Le bailleur dispose cependant de la faculté de se prévaloir d’une décision constatant ou prononçant la résolution du bail dès lors que cette décision a acquis force de chose jugée avant le jugement d’ouverture de cette nouvelle procédure.

Com., 12 juin 2025, n° 23-22.076, n° 23-22.077, n° 23-22.078

 

Vente de la chose louée – exclusion du droit de préférence du preneur à bail :  Local ne constituant qu’une partie de l’immeuble vendu.

Le droit de préférence du locataire à bail commercial ne lui confère pas un droit d’acquérir en priorité au-delà de l’assiette du bail qui lui a été consenti.

De plus, il est exclu lorsque le local pris à bail ne constitue qu’une partie de l’immeuble vendu.

3 e Civ., 19 juin 2025, n° 23-17.604

 

Vente de la chose louée – exclusion du droit de préférence du preneur à bail :  Local ne constituant qu’une partie de l’immeuble vendu.

Il résulte de l’article L. 145-46-1 du code de commerce que le locataire à bail commercial ne bénéficie pas d’un droit de préférence lorsque le local pris à bail ne constitue qu’une partie de l’immeuble vendu.

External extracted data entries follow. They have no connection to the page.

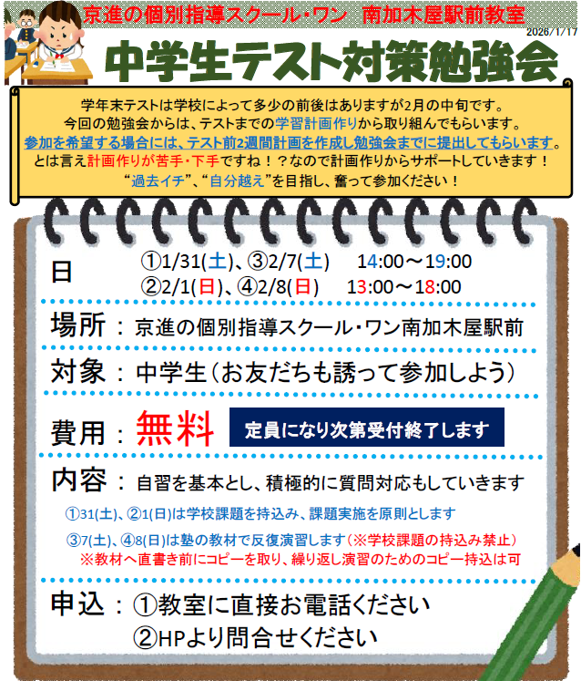 中学生テスト対策勉強会 外部生参加者募集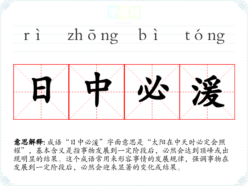 成语“日中必湲”字面意思是“太阳在中天时必定会照耀”,基本含义是指事物发展到一定阶段后,必然会达到顶峰或出现明显的结果。这个成语常用来形容事情的发展规律,强调事物在发展到一定阶段后,必然会迎来显著的变化或结果。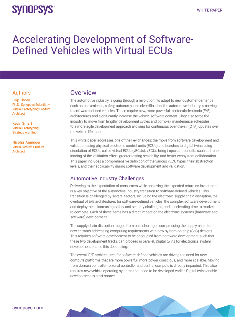 The automotive industry is going through a revolution. To adapt to new customer demands such as convenience, safety, autonomy, and electrification, the automotive industry is moving to software-defined vehicles. These require new, more powerful electrical/electronic (E/E) architectures and significantly increase the vehicle software content. They also force the industry to move from lengthy development cycles and complex maintenance schedules to a more agile development approach allowing for continuous over-the-air (OTA) updates over the vehicle lifespans.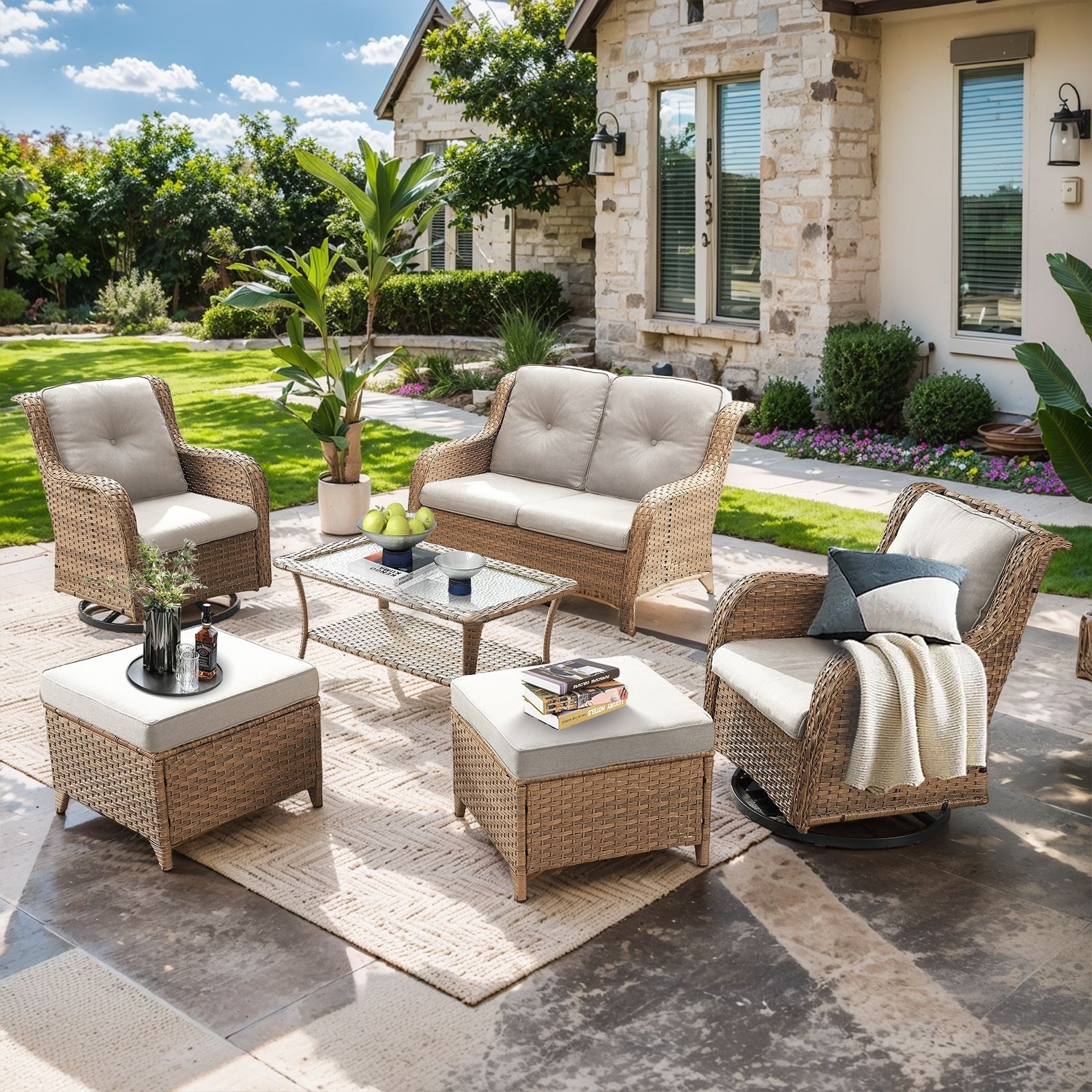 Pocassy Outdoor 6 Pieces 2-Seat Sofa Swivel Chairs Table Ottoman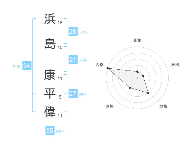 浜島 康平偉さんを姓名の画数から五運を鑑定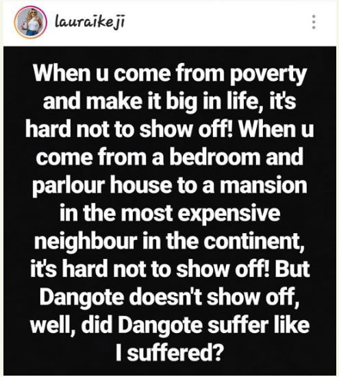 When u come from poverty and make it big in life, it’s hard not to show off! When u come from a bedroom and parlour house to a mansion in the most expensive neighbourhood in the continent, its hard not to show off! But Dangote doesn’t show off, well did Dangote suffer like I suffered?”

3 e Civ., 19 juin 2025, n° 23-19.292

 

Servitudes diverses – assiette du passage – détermination de l’enclave

Une servitude pour cause d’enclave ne peut être instituée que pour l’usage et l’utilité d’un fonds déterminé et non au profit d’une personne.

3 e Civ., 19 juin 2025, n° 24-11.456

 

 

Sous-traitant – Rapports avec l’entrepreneur principal –Moment de la fourniture de caution ou délégation de paiement

Les parties à un contrat de sous-traitance peuvent convenir que celui-ci ne sera formé ou ne prendra effet qu’à compter de la date à laquelle le sous-traitant sera agréé par le maître de l’ouvrage et ses conditions de paiement par lui acceptées.

Dans ce cas, l’existence d’une délégation de paiement du maître de l’ouvrage au bénéfice du sous-traitant ou la délivrance par l’entrepreneur principal d’un engagement de caution à son profit à la date de l’agrément du sous-traitant et de l’acceptation de ses conditions de paiement par le maître de l’ouvrage est exclusive de la nullité du sous-traité, sauf commencement des travaux du sous-traitant antérieur à l’obtention de ces garanties.

3 e Civ., 30 avril 2025, n° 23-19.086, (B), FS

 

Mesures conservatoires ou de remise en état – Trouble manifestement illicite – Installation sans autorisation préalable d’une vidéosurveillance dirigée vers un chemin voisin.

Constitue un trouble manifestement illicite l’installation d’une caméra de surveillance permettant de capter l’image de personnes empruntant un chemin situé sur un fonds voisin.